[A Journey through the Kingdom of Oude, Volumes I & II by William Sleeman]@TWC D-Link book
A Journey through the Kingdom of Oude, Volumes I & II

CHAPTER III
16/88

These tainted waters may possibly act in both ways--directly, and through the medium of the air.
While on the subject of the causes or sources of disease, I may mention two which do not appear to me to have been sufficiently considered and provided against in India.

First, when a new cantonment is formed and occupied in haste, during or after a campaign, terraces are formed of the new earth dug up on the spot to elevate the dwellings of officers and soldiers from the ground, which may possibly become flooded in the rains; and over the piles of fresh earth officers commonly form wooden floors for their rooms to secure them from the damp, new earth.

Between this earth and the wooden floor a small space of a foot or two is commonly left.

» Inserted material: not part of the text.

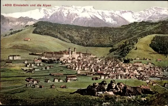 Ak Einsiedeln Kanton Schwyz Schweiz, Panorama, Alpen, Kloster

The new earth, thus thrown up from places that may not have been dug or ploughed for ages, absorbs rapidly the oxygen from the air above, and gives out carbonic acid, nitrogen and hydrogen gases, which render the air above unfit for men to breathe.

This noxious air accumulates in the space below the wooden floor, and, passing through the crevices, is breathed by the officers and soldiers as they sleep.
Between the two campaigns against Nepal in 1814 and 1815, the brigade in which my regiment served formed such a cantonment at Nathpoor, on the right bank of the river Coosee.